The 1961–62 season was Port Vale's 50th season of football in the English Football League, and their third season in the Third Division. The season was most notable for the win over Sunderland in the FA Cup, which followed a goalless draw at Roker Park in which the Vale defence prevented Brian Clough from even having a shot. The club also hosted a friendly against the Czechoslovakia national football team, and later took a tour of Poland. In the league they failed to gain promotion, and had to settle for mid-table obscurity.

Overview

Third Division
The pre-season saw Norman Low spend some of the £10,000 in transfer funds he was allocated. He spent £2,000 acquiring inside-forward Arthur Longbottom from Queens Park Rangers. Low then repaid West Bromwich Albion the £10,000 for Stan Steele in order to bring him back to Vale Park. This meant a 'shock' for the fans, as Cliff Portwood was sold to Grimsby Town for £6,000 to balance the books. Another £2,000 was spent on bringing centre-half John Nicholson from Liverpool. Free signings included winger Stan Edwards (Everton), goalkeeper Peter Taylor (Middlesbrough), and Joe Maloney (Shrewsbury Town). Low declared that the logic behind the signings was to improve the defence and that his side was now 'capable of getting promotion'. To whip the new signings into shape trainer Lol Hamlett took them on a seven-mile run.

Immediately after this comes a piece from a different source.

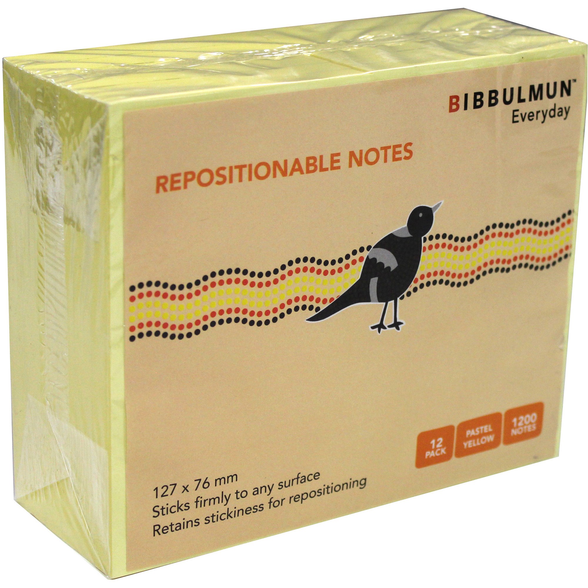 BIBBULMUN STICKY NOTES 76 X 127MM YELLOW 100 SHEETS PAD PACK OF 12

The defence began poorly, in an opening day 4–2 defeat to Shrewsbury Town at Gay Meadow. Maloney was subsequently dropped and sold to Crewe Alexandra for 'a small fee'. The first match at Burslem saw Vale ' casually steamroller' Hull City 4–0. On 2 September, John Nicholson made the first of his club record 208 consecutive appearances, that would end on 8 September 1965. On a four match sequence without a win, The Sentinel commented that "gloom has descended". The mood lifted with a 1–0 win over Bristol City at Ashton Gate on 9 September, in the first of five wins in six games.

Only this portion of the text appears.